La compétitivité de l’économie française a souffert, tout comme les finances publiques, qui ont été largement mises à contribution pour installer notre pays à contre-courant de nos voisins et concurrents.
Manuel Valls n’est pas le premier socialiste à remettre en cause la pertinence des lois Aubry, et notamment leur rigidité. Ségolène Royal avait déjà jugé « pas crédible » l’extension des 35 heures à l’ensemble des entreprises. Problème : c’était après qu’elle eut fait figurer leur généralisation dans son programme électoral. Si elle avait été élue, en 2007, elle aurait donc imposé les RTT à tout le monde… avant de faire inévitablement machine arrière.
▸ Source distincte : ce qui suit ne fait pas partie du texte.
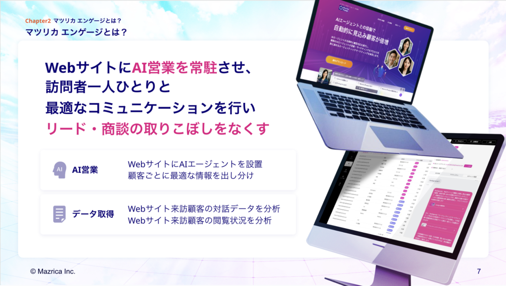 2025年4月に提供を開始した「Mazrica Engage」は、「ただの看板」となっているWebサイトを、訪問者ごとにコンテンツを出し分けるパーソナライズされたWebサイトへと進化させます。これにより、WebサイトのCVRが1%前後に留まる問題を根本から改善します。
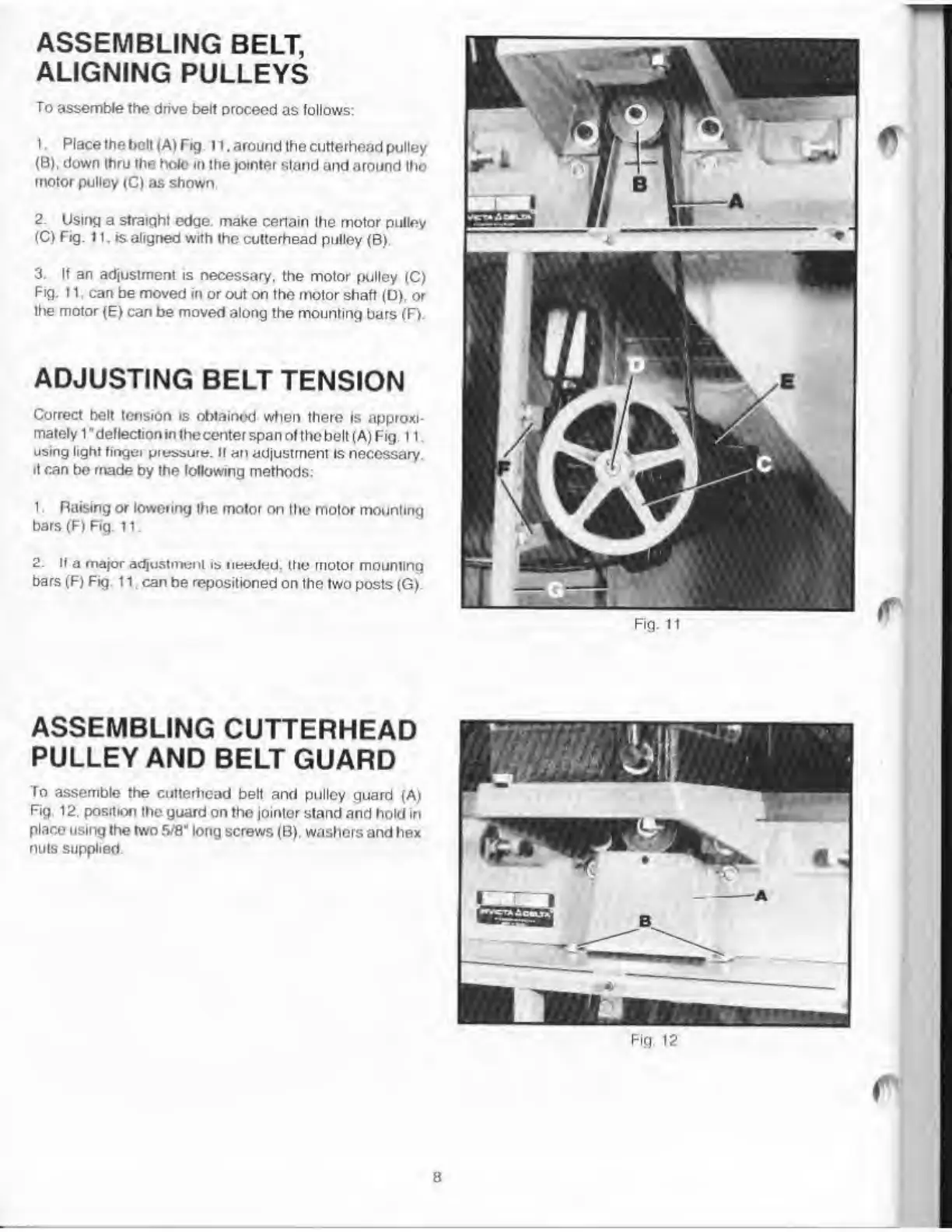 Delta DJ-15 - Drive Belt and Pulley Assembly; Adjusting Belt Tension

En suggérant de « déverrouiller » les 35 heures avant que le débat électoral ne s’engage, Manuel Valls est plus responsable et plus honnête. Il mise sur le réalisme plutôt que sur le romantisme pour sortir le PS d’une impasse économique et idéologique, tout en glissant, au passage, une peau de banane sous les pieds de Martine Aubry et de DSK, ses potentiels rivaux à la primaire socialiste. C’est de bonne guerre, mais le député-maire d’Evry est à contretemps, car les 35 heures ont déjà été « déverrouillées » et, même, vidées de leur substance. Certes, elles continuent de coûter cher, mais Manuel Valls ne trouvera pas beaucoup de salariés prêts à revenir à 39 ou 40 heures sans être payés en heures supplémentaires ! C’est avant de passer aux 35 heures qu’il aurait dû élever la voix. Désormais les lois Aubry sont à l’image de l’euro, également concrétisé sous le gouvernement Jospin : y rester coûte très cher, en sortir coûterait encore plus cher.